Blocage des sites Internet

Oui, mais pas à la louche

d'Lëtzebuerger Land vom 29.11.2013

L’avocat général de la Cour de Justice de l’Union européenne a estimé cette semaine que le principe consistant à imposer à un fournisseur d’accès à Internet de bloquer l’accès à des pages spécifiques était compatible avec le droit européen. Il se prononçait dans une affaire opposant un fournisseur d’accès à Internet (FAI) autrichien à des détenteurs de droits audiovisuels qui s’estimaient lésés par l’accès à un site de streaming de film qu’entendait maintenir ce FAI pour ses clients internautes. Il est probable que la Cour de Justice suive cet avis.

Avec l’augmentation du débit des accès à Internet, le streaming s’est imposé graduellement comme une alternative crédible au téléchargement. Cela vaut pour la distribution légitime de contenus par le biais de canaux mis en place en accord avec les ayant-droits, mais aussi pour le piratage. De nombreux sites de partage de fichiers ont commencé à proposer le streaming comme méthode additionnelle pour, par exemple, visionner un film proposé par des internautes, tandis que d’autres, comme kino.to dans l’espace germanophone, ont trouvé leur public en tant que spécialistes du streaming. C’est donc un nouveau front qui s’est ouvert entre l’industrie cinématographique et le monde du peer to peer. Si les ayant-droits n’arrivent pas à faire fermer un site, peuvent-ils forcer un FAI à en bloquer l’accès ?

La Cour suprême autrichienne était appelée à trancher dans un différend entre des ayant-droits et le FAI UPC. Ce dernier avait été condamné à bloquer l’accès à kino.to, un site fermé depuis, mais avait fait appel. Au plan juridique, la question était de savoir si un FAI est à considérer comme un intermédiaire dont les services sont utilisés par un tiers pour porter atteinte à un droit d'auteur. L’avocat général Cruz Villalon a estimé que c’est bien le cas et que, par conséquent, ce FAI peut faire l’objet d'une requête » de la justice.

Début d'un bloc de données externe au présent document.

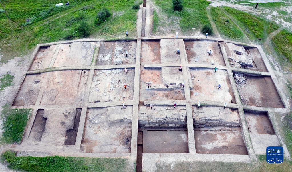 內蒙古巴林左旗遼上京皇城遺址南部一號建筑基址發掘后全景(資料照片)。新華社發(國家文物局供圖)
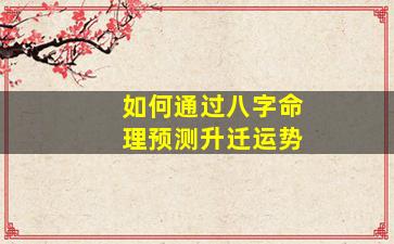 通过八字命理预测升迁(事业晋升)运势,需结合命局中的官星、印星、财星及大运流年的互动关系综合分析。以下是具体步骤和要点:

Cependant, l’avis de l’avocat général est assorti de conditions qui montrent que ce n’est qu’avec précaution que les magistrats sont disposés à autoriser de telles mesures de blocage de sites. Il a précisé que les mesures de blocage ne peuvent pas être formulées dans des termes trop généraux et doivent être décrites de manière concrète. En outre, elles doivent être proportionnées. Il s’agit d’éviter qu’une requête de blocage serve à instrumentaliser un FAI dans le cadre d’une démarche portant atteinte à la liberté d’information. L’avocat général prévoit même, s’il s’avère trop compliqué et trop cher pour un FAI de mettre en place seul le blocage requis, que celui-ci puisse prétendre à une participation aux frais du demandeur du blocage à sa mise en place.

Le fait que les internautes puissent contourner des mesures de blocage, par exemple en utilisant des serveurs de noms de domaine (DNS) ou en s’adressant à d’autres FAI, n’est pas suffisant pour justifier un refus des mesures de blocage, a fait valoir l’avocat général. Supposer auprès de chaque utilisateur la volonté de parvenir à accéder à un site malgré un blocage reviendrait, à son avis, à supposer, de manière injustifiée, une volonté systématique d’enfreindre la loi de la part des utilisateurs. L’existence de moyens, même simples, de circonvenir des mesures de blocage n’est pas un argument suffisant pour s’opposer au principe de telles mesures.

Les instances européennes doivent remettre sur le métier une directive sur le droit d’auteur dans l’univers numérique, avec une proposition de la Commission européenne attendue durant les premiers mois de 2014. L’avis nuancé de l’avocat général n’aura sans doute pas d’impact direct sur ce débat, si ce n’est de montrer, si besoin était, qu’il n’existe pas de solution magique à ce conflit entre possibilités de partage offertes par les technologies du Net et protection du droit d’auteur.